26 of 26 people found the following review helpful:
5.0 out of 5 stars Absurdities, 5 Jun 2006
By M. Moran - See all my reviews
(REAL NAME)   
Taught now in English classes as a post-modern sketch of the absurdity of war, this novel uses a collage of techniques and genres--science fiction, episodic storytelling, Absurdism, memoir--to get its point across.

It's point can still be missed, however. War is fought by children, Vonnegut explains, caught up in something that they often do not understand. Therein lay the absurdity. Vonnegut's own personal history, captured and held in Dresden during the bombing, allowed him firsthand to witness the devastation war can bring. Ideologies are transient, he realizes. And the destruction of one of the most beautiful European cities and the deaths of 24,000 human beings had a profound effect on him. What is the point? Examine the purpose of life. What is it?

The story demands the reader to ask questions of him/herself.

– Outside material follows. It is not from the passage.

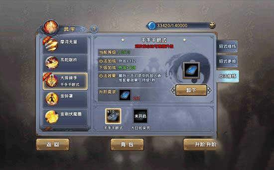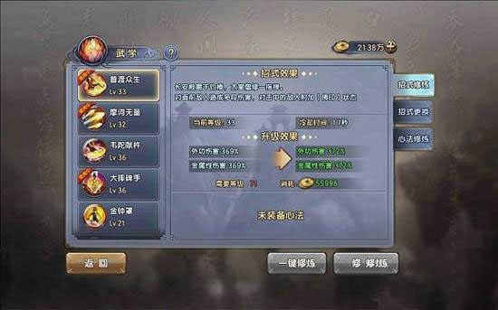 武学系统分为三个版块,分别是招式修炼、招式更换和心法修炼。

Also, the impact this book has had on literature can't be ignored. In an earlier review, the stylistic similarities to Adams and Irving, both who followed Vonnegut and so were obviously influenced, was mentioned. That's important. You can trace a number of modern satirists to Vonnegut--Palahniuk being my own personal favorite.

Whether you agree with Vonnegut's stance on war as absurd or not, Slaughterhouse-Five is worth a careful reading.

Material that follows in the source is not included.